* _THE TASK_:
Copy out all the entries exactly.

* _ENTRIES PROVIDED_:
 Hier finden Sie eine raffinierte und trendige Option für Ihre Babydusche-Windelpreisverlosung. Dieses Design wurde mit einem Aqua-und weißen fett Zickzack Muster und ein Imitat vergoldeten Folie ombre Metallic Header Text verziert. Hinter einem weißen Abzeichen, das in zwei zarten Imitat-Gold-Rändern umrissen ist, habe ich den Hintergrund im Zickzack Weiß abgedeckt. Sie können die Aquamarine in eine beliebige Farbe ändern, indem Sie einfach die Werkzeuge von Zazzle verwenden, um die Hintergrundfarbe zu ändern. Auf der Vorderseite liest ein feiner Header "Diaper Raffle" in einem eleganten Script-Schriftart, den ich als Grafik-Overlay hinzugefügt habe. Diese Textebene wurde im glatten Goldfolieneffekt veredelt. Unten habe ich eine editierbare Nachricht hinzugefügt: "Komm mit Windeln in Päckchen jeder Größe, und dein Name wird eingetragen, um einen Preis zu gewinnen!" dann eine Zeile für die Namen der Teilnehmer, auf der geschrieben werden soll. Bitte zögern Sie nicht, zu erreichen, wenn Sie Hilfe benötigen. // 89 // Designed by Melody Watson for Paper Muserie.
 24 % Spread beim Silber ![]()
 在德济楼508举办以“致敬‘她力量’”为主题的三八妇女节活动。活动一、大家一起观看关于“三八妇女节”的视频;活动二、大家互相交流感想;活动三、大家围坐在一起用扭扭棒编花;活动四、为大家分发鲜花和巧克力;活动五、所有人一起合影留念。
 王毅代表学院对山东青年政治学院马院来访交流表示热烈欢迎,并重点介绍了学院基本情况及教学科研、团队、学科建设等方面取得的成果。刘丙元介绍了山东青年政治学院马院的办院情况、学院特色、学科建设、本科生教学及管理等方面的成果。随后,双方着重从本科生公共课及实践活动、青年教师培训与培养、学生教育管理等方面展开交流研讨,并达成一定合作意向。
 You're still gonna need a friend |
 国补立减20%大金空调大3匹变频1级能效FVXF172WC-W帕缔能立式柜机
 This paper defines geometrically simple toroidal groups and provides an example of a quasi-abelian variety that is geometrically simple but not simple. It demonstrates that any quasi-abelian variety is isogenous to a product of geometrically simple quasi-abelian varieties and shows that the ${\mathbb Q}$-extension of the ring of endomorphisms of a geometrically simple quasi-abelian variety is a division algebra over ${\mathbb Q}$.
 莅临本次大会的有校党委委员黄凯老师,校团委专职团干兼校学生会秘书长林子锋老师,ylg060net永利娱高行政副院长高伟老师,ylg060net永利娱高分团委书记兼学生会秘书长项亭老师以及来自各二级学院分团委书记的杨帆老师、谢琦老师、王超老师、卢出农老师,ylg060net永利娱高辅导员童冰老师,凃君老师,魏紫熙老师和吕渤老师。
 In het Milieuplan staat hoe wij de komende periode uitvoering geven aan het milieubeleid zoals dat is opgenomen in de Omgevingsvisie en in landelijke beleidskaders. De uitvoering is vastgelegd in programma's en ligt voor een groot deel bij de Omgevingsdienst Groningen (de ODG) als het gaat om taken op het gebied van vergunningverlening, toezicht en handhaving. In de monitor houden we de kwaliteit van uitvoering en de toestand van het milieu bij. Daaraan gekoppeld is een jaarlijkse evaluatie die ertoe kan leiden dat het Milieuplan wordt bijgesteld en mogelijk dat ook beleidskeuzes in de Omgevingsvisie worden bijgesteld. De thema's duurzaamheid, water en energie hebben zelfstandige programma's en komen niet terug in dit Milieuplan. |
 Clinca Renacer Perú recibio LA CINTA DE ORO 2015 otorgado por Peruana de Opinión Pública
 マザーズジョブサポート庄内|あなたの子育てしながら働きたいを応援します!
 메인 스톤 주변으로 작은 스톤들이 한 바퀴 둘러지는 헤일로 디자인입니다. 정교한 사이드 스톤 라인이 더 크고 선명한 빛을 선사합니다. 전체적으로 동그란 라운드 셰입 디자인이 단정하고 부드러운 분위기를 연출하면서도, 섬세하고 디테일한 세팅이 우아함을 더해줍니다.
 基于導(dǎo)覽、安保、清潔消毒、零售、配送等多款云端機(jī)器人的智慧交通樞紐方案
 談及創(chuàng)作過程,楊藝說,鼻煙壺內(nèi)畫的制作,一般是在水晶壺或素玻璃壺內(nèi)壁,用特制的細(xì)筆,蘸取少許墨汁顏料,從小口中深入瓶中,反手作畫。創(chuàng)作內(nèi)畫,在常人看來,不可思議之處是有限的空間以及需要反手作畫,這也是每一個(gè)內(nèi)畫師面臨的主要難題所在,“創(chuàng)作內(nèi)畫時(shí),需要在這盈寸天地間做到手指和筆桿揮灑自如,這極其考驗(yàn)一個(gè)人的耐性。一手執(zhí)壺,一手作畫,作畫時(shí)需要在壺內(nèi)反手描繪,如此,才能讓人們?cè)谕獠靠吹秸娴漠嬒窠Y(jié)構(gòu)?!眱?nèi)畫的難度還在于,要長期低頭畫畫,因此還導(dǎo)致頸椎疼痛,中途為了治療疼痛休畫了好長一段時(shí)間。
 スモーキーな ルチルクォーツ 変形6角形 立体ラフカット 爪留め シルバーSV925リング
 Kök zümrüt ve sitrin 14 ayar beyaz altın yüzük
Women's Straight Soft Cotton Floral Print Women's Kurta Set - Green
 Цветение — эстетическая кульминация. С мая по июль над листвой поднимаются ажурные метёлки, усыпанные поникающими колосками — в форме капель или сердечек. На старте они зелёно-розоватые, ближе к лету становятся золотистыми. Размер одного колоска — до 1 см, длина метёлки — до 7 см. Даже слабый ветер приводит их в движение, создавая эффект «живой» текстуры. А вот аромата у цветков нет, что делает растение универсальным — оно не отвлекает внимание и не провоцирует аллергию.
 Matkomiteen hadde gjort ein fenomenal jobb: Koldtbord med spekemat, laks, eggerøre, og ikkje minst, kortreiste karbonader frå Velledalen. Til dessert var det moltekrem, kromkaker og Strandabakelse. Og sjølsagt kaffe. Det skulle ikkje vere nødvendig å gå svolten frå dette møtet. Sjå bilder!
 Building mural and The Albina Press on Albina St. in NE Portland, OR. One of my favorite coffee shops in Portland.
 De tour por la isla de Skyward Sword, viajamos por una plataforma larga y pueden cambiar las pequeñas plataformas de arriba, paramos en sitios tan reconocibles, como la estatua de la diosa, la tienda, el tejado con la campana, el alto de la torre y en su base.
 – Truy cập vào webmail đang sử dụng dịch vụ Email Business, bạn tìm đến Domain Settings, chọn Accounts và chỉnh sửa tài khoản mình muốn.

* _EXPECTED ANSWER_:
 Hier finden Sie eine raffinierte und trendige Option für Ihre Babydusche-Windelpreisverlosung. Dieses Design wurde mit einem Aqua-und weißen fett Zickzack Muster und ein Imitat vergoldeten Folie ombre Metallic Header Text verziert. Hinter einem weißen Abzeichen, das in zwei zarten Imitat-Gold-Rändern umrissen ist, habe ich den Hintergrund im Zickzack Weiß abgedeckt. Sie können die Aquamarine in eine beliebige Farbe ändern, indem Sie einfach die Werkzeuge von Zazzle verwenden, um die Hintergrundfarbe zu ändern. Auf der Vorderseite liest ein feiner Header "Diaper Raffle" in einem eleganten Script-Schriftart, den ich als Grafik-Overlay hinzugefügt habe. Diese Textebene wurde im glatten Goldfolieneffekt veredelt. Unten habe ich eine editierbare Nachricht hinzugefügt: "Komm mit Windeln in Päckchen jeder Größe, und dein Name wird eingetragen, um einen Preis zu gewinnen!" dann eine Zeile für die Namen der Teilnehmer, auf der geschrieben werden soll. Bitte zögern Sie nicht, zu erreichen, wenn Sie Hilfe benötigen. // 89 // Designed by Melody Watson for Paper Muserie.
 24 % Spread beim Silber ![]()
 在德济楼508举办以“致敬‘她力量’”为主题的三八妇女节活动。活动一、大家一起观看关于“三八妇女节”的视频;活动二、大家互相交流感想;活动三、大家围坐在一起用扭扭棒编花;活动四、为大家分发鲜花和巧克力;活动五、所有人一起合影留念。
 王毅代表学院对山东青年政治学院马院来访交流表示热烈欢迎,并重点介绍了学院基本情况及教学科研、团队、学科建设等方面取得的成果。刘丙元介绍了山东青年政治学院马院的办院情况、学院特色、学科建设、本科生教学及管理等方面的成果。随后,双方着重从本科生公共课及实践活动、青年教师培训与培养、学生教育管理等方面展开交流研讨,并达成一定合作意向。
 You're still gonna need a friend |
 国补立减20%大金空调大3匹变频1级能效FVXF172WC-W帕缔能立式柜机
 This paper defines geometrically simple toroidal groups and provides an example of a quasi-abelian variety that is geometrically simple but not simple. It demonstrates that any quasi-abelian variety is isogenous to a product of geometrically simple quasi-abelian varieties and shows that the ${\mathbb Q}$-extension of the ring of endomorphisms of a geometrically simple quasi-abelian variety is a division algebra over ${\mathbb Q}$.
 莅临本次大会的有校党委委员黄凯老师,校团委专职团干兼校学生会秘书长林子锋老师,ylg060net永利娱高行政副院长高伟老师,ylg060net永利娱高分团委书记兼学生会秘书长项亭老师以及来自各二级学院分团委书记的杨帆老师、谢琦老师、王超老师、卢出农老师,ylg060net永利娱高辅导员童冰老师,凃君老师,魏紫熙老师和吕渤老师。
 In het Milieuplan staat hoe wij de komende periode uitvoering geven aan het milieubeleid zoals dat is opgenomen in de Omgevingsvisie en in landelijke beleidskaders. De uitvoering is vastgelegd in programma's en ligt voor een groot deel bij de Omgevingsdienst Groningen (de ODG) als het gaat om taken op het gebied van vergunningverlening, toezicht en handhaving. In de monitor houden we de kwaliteit van uitvoering en de toestand van het milieu bij. Daaraan gekoppeld is een jaarlijkse evaluatie die ertoe kan leiden dat het Milieuplan wordt bijgesteld en mogelijk dat ook beleidskeuzes in de Omgevingsvisie worden bijgesteld. De thema's duurzaamheid, water en energie hebben zelfstandige programma's en komen niet terug in dit Milieuplan. |
 Clinca Renacer Perú recibio LA CINTA DE ORO 2015 otorgado por Peruana de Opinión Pública
 マザーズジョブサポート庄内|あなたの子育てしながら働きたいを応援します!
 메인 스톤 주변으로 작은 스톤들이 한 바퀴 둘러지는 헤일로 디자인입니다. 정교한 사이드 스톤 라인이 더 크고 선명한 빛을 선사합니다. 전체적으로 동그란 라운드 셰입 디자인이 단정하고 부드러운 분위기를 연출하면서도, 섬세하고 디테일한 세팅이 우아함을 더해줍니다.
 基于導(dǎo)覽、安保、清潔消毒、零售、配送等多款云端機(jī)器人的智慧交通樞紐方案
 談及創(chuàng)作過程,楊藝說,鼻煙壺內(nèi)畫的制作,一般是在水晶壺或素玻璃壺內(nèi)壁,用特制的細(xì)筆,蘸取少許墨汁顏料,從小口中深入瓶中,反手作畫。創(chuàng)作內(nèi)畫,在常人看來,不可思議之處是有限的空間以及需要反手作畫,這也是每一個(gè)內(nèi)畫師面臨的主要難題所在,“創(chuàng)作內(nèi)畫時(shí),需要在這盈寸天地間做到手指和筆桿揮灑自如,這極其考驗(yàn)一個(gè)人的耐性。一手執(zhí)壺,一手作畫,作畫時(shí)需要在壺內(nèi)反手描繪,如此,才能讓人們?cè)谕獠靠吹秸娴漠嬒窠Y(jié)構(gòu)?!眱?nèi)畫的難度還在于,要長期低頭畫畫,因此還導(dǎo)致頸椎疼痛,中途為了治療疼痛休畫了好長一段時(shí)間。
 スモーキーな ルチルクォーツ 変形6角形 立体ラフカット 爪留め シルバーSV925リング
 Kök zümrüt ve sitrin 14 ayar beyaz altın yüzük
Women's Straight Soft Cotton Floral Print Women's Kurta Set - Green
 Цветение — эстетическая кульминация. С мая по июль над листвой поднимаются ажурные метёлки, усыпанные поникающими колосками — в форме капель или сердечек. На старте они зелёно-розоватые, ближе к лету становятся золотистыми. Размер одного колоска — до 1 см, длина метёлки — до 7 см. Даже слабый ветер приводит их в движение, создавая эффект «живой» текстуры. А вот аромата у цветков нет, что делает растение универсальным — оно не отвлекает внимание и не провоцирует аллергию.
 Matkomiteen hadde gjort ein fenomenal jobb: Koldtbord med spekemat, laks, eggerøre, og ikkje minst, kortreiste karbonader frå Velledalen. Til dessert var det moltekrem, kromkaker og Strandabakelse. Og sjølsagt kaffe. Det skulle ikkje vere nødvendig å gå svolten frå dette møtet. Sjå bilder!
 Building mural and The Albina Press on Albina St. in NE Portland, OR. One of my favorite coffee shops in Portland.
 De tour por la isla de Skyward Sword, viajamos por una plataforma larga y pueden cambiar las pequeñas plataformas de arriba, paramos en sitios tan reconocibles, como la estatua de la diosa, la tienda, el tejado con la campana, el alto de la torre y en su base.
 – Truy cập vào webmail đang sử dụng dịch vụ Email Business, bạn tìm đến Domain Settings, chọn Accounts và chỉnh sửa tài khoản mình muốn.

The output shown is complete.